━━━ GIVEN INFORMATION

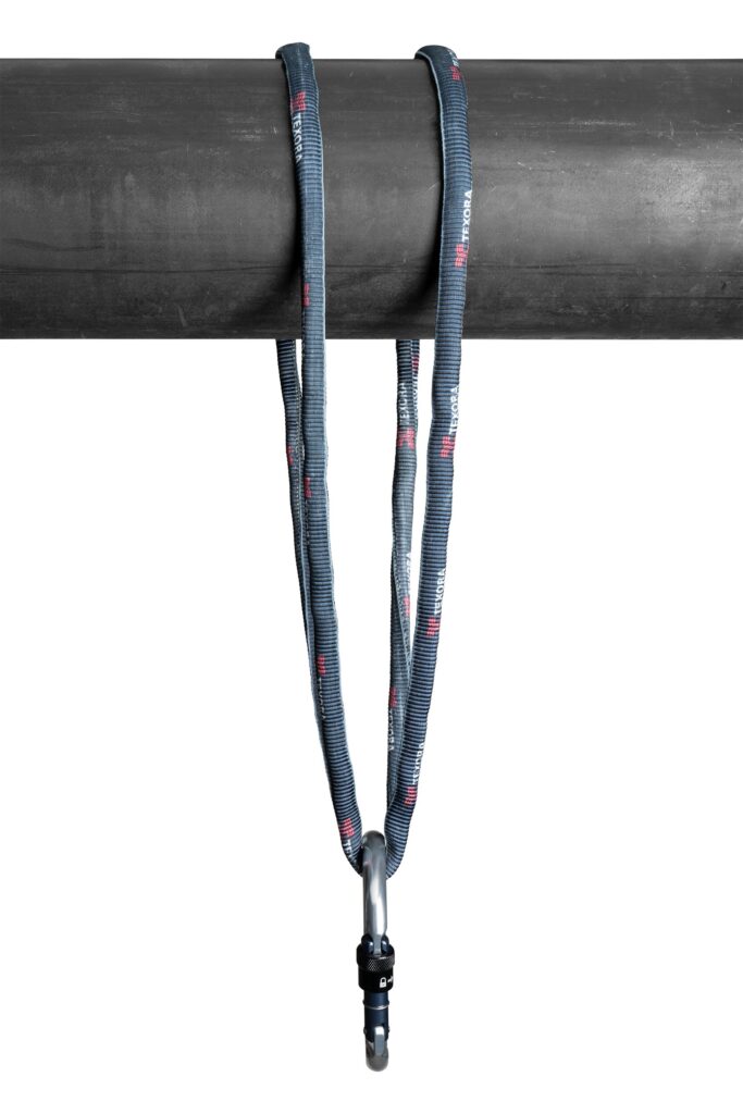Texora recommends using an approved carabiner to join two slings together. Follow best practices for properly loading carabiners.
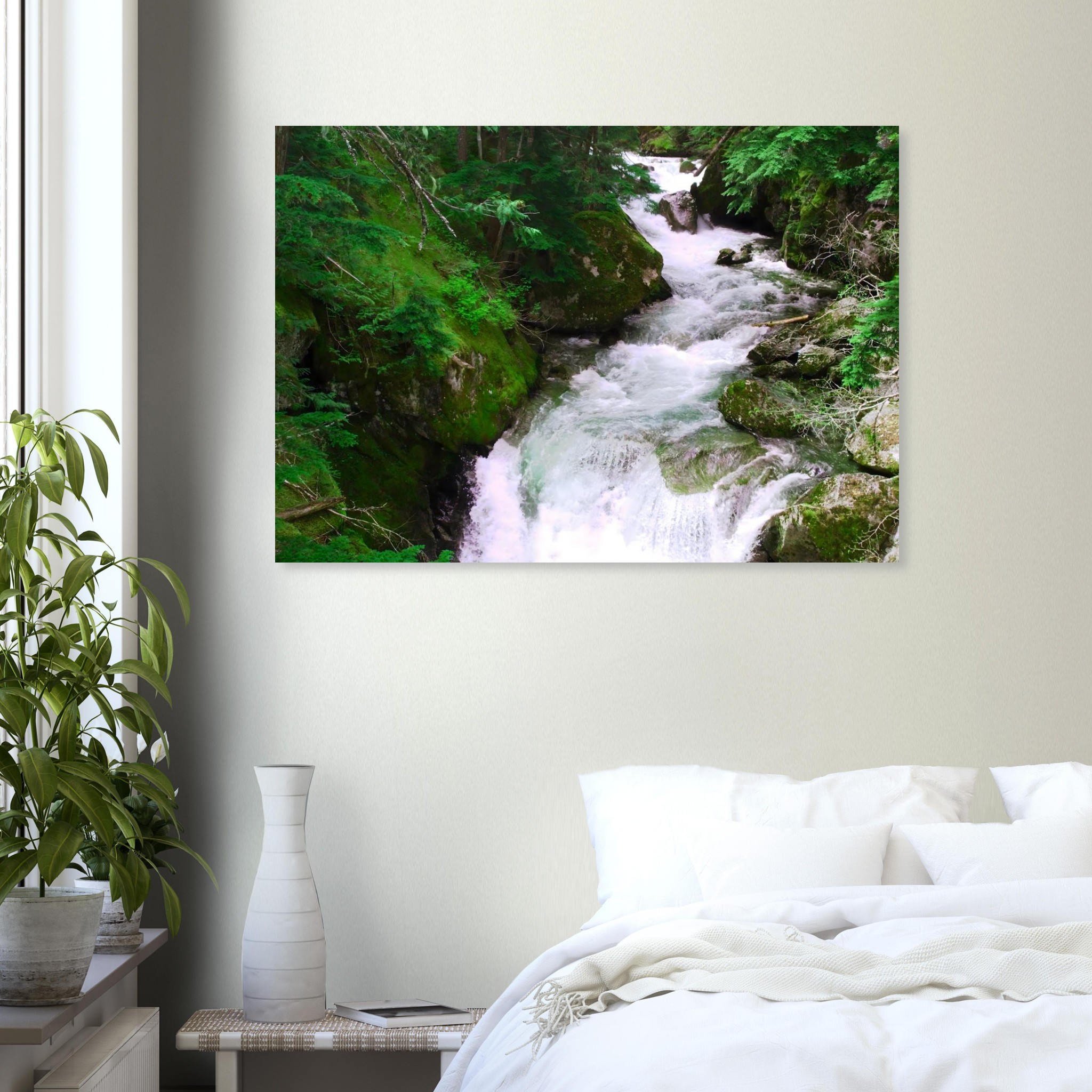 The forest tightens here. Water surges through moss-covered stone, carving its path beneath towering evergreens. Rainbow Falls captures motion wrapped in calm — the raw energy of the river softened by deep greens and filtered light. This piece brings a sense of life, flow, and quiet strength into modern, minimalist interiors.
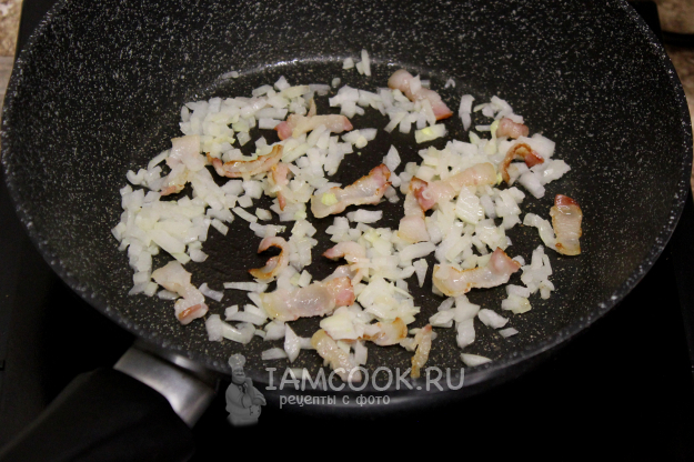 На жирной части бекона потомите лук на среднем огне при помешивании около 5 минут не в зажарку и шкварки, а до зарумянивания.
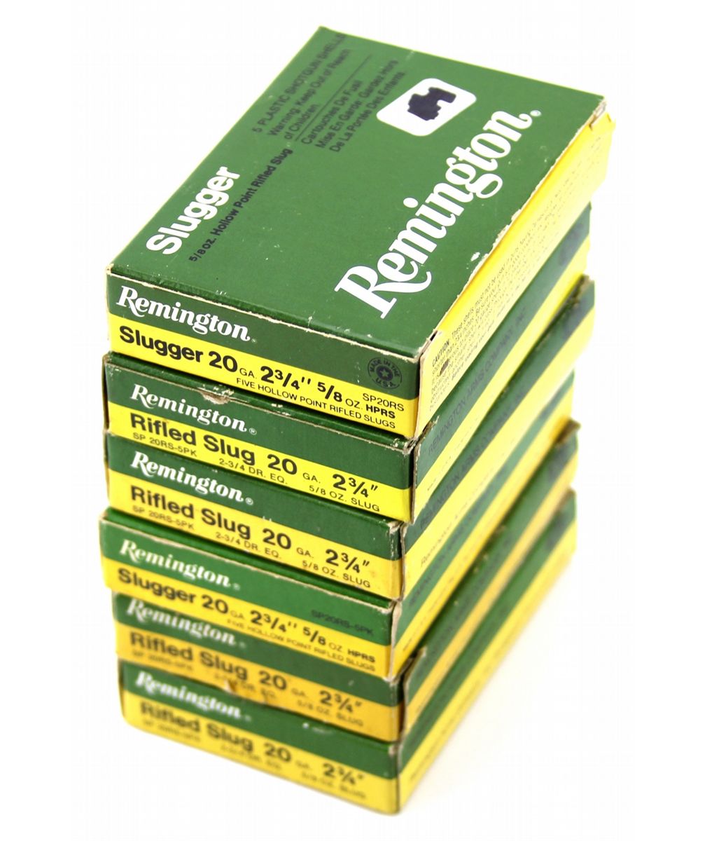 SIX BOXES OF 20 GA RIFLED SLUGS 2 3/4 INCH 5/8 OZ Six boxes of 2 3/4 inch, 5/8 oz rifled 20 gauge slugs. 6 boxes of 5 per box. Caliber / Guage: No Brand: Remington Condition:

━━━━━━

### WHAT IS NEEDED
Output all of the data exactly as it stands, minus any images.

### FINAL ANSWER
Texora recommends using an approved carabiner to join two slings together. Follow best practices for properly loading carabiners.
 The forest tightens here. Water surges through moss-covered stone, carving its path beneath towering evergreens. Rainbow Falls captures motion wrapped in calm — the raw energy of the river softened by deep greens and filtered light. This piece brings a sense of life, flow, and quiet strength into modern, minimalist interiors.
 На жирной части бекона потомите лук на среднем огне при помешивании около 5 минут не в зажарку и шкварки, а до зарумянивания.
 SIX BOXES OF 20 GA RIFLED SLUGS 2 3/4 INCH 5/8 OZ Six boxes of 2 3/4 inch, 5/8 oz rifled 20 gauge slugs. 6 boxes of 5 per box. Caliber / Guage: No Brand: Remington Condition:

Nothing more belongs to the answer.